*ABOUT THIS EXERCISE:*
Leave the images out and repeat the data exactly as given.

*RECORDED DATA:*
════════

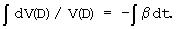 (30) Но dD можно представить так: dD=V(D)dt. (31) С учетом (31) выражение (30) можно представить так dV(D)/V(D)=-β dt.
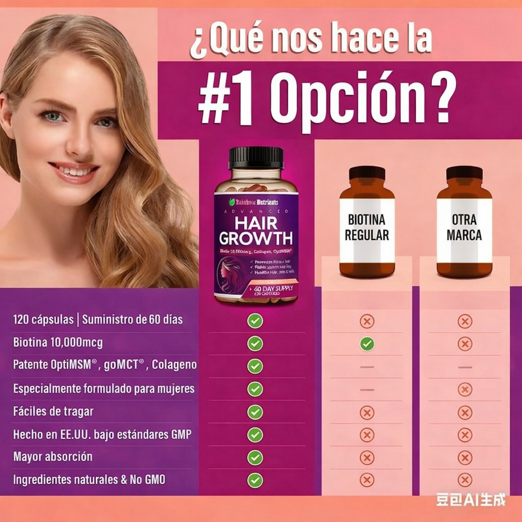 Nuestra fórmula avanzada combina biotina de alta potencia, colágeno y nutrientes premium para ofrecer resultados superiores frente a otras alternativas del mercado. Diseñada para quienes buscan un cabello más fuerte, más largo y visiblemente más saludable.
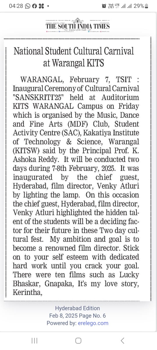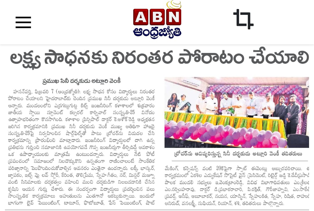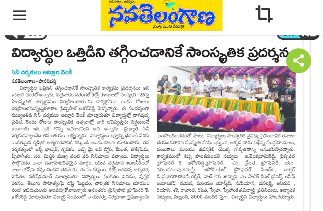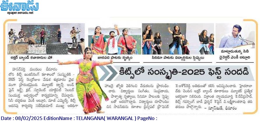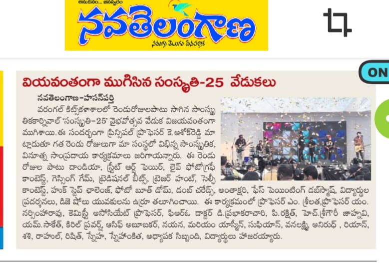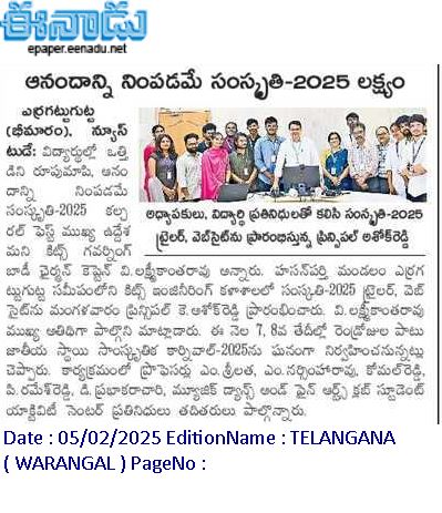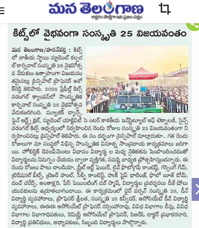 Inaugural Ceremony of Cultural Carnival "SANSKRITI'25" held on 7th February @ Auditorium, KITS, Warangal.

════════

*SOLUTION FOR THIS PROBLEM:*
 (30) Но dD можно представить так: dD=V(D)dt. (31) С учетом (31) выражение (30) можно представить так dV(D)/V(D)=-β dt.
 Nuestra fórmula avanzada combina biotina de alta potencia, colágeno y nutrientes premium para ofrecer resultados superiores frente a otras alternativas del mercado. Diseñada para quienes buscan un cabello más fuerte, más largo y visiblemente más saludable.
 Inaugural Ceremony of Cultural Carnival "SANSKRITI'25" held on 7th February @ Auditorium, KITS, Warangal.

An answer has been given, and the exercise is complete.